To demonstrate their efficiency, we evaluate and discuss the efficacy of these histogram-based MOF representations to facilitate the application of data science techniques to three MOF screening scenarios requiring adsorption predictions: i) imbalanced learning to find adsorbent materials to work as NH3-extracting membranes in plasma reactors for green NH3 synthesis, ii) multitask learning to simultaneously predict the adsorption of multiple small molecules with the same model, iii) transfer learning scenarios to predict the adsorption of molecule “A” at condition “X”, leveraging data for adsorption of molecule “B” at condition “Y”.

For instance, we show that iterative, imbalanced learning using our proposed histogram representation found MOFs for NH3-selective membranes that were better that at least 70% of the structures that would have been assumed to constitute the top-200 MOFs if one would have relied on traditional hierarchical screening.
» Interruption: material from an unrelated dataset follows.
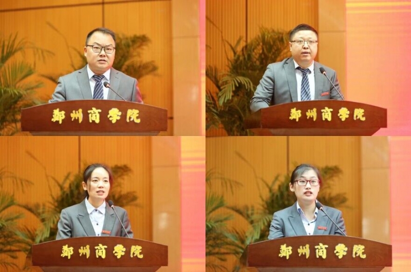 教学工作先进单位代表、外语学院院长邱培磊,科研工作先进单位代表、工商学院院长杨松柏,教学工作先进个人代表、工商学院教师冯艳娟,科研工作先进个人代表、建工学院教师刘玉娟,分别围绕教学工作和科研工作体会与感想作了交流发言。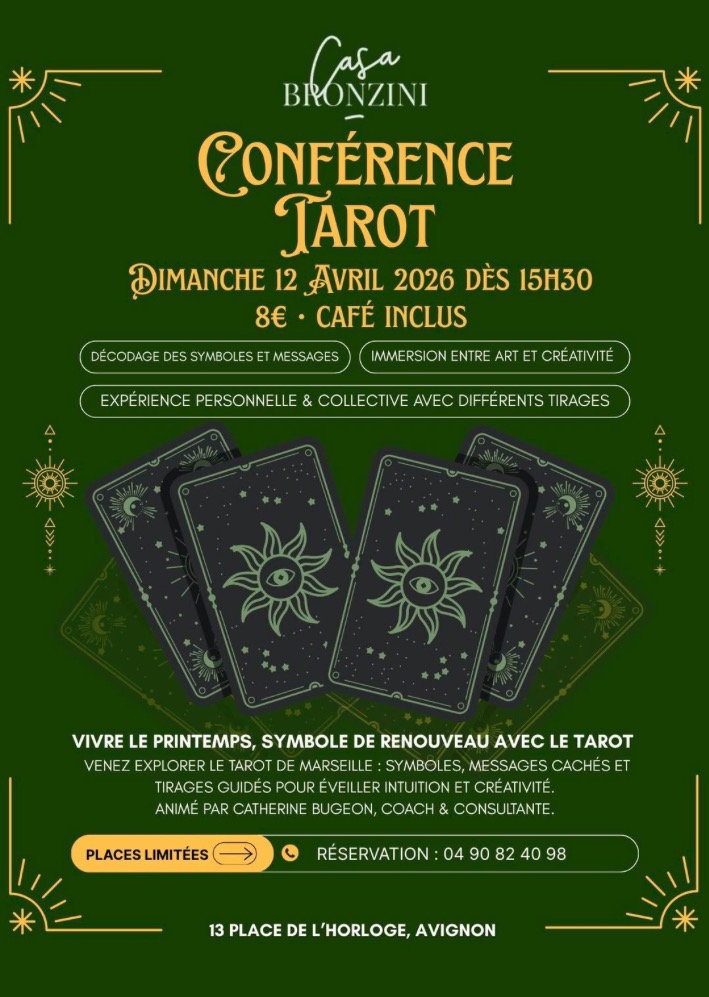 Dimanche 12 avril à 15h30, à la Casa Bronzini, place de l’horloge à Avignon, Catherine Bugeon proposera une immersion singulière dans l’univers du tarot de Marseille. Entre symboles, tirages guidés et exploration intuitive, cette conférence promet bien plus qu’une initiation : une expérience vivante, à la lisière du visible et de l’invisible. La conférence sera suivie de tirages collectifs, chacun apportant son propre tarot de Marseille. Réservation obligatoire au 04 90 82 40 98.

As reference, note that in traditional hierarchical screening of adsorbents an early filter based on cheap calculations of adsorption Henry’s constants is used to reduce the number of structures on which to perform full molecular simulations. Here, instead we use the structures coming out of that filter to “jumpstart” iterative imbalanced learning, which ultimately allowed us to find more promising MOFs while only performing full molecular simulation on less than 10% of the targeted MOF database. Additionally, we showed that the generated data was sufficient to yield meaningful data-driven design rules that could even be applied beyond MOFs to design adsorbents in general for these applications, .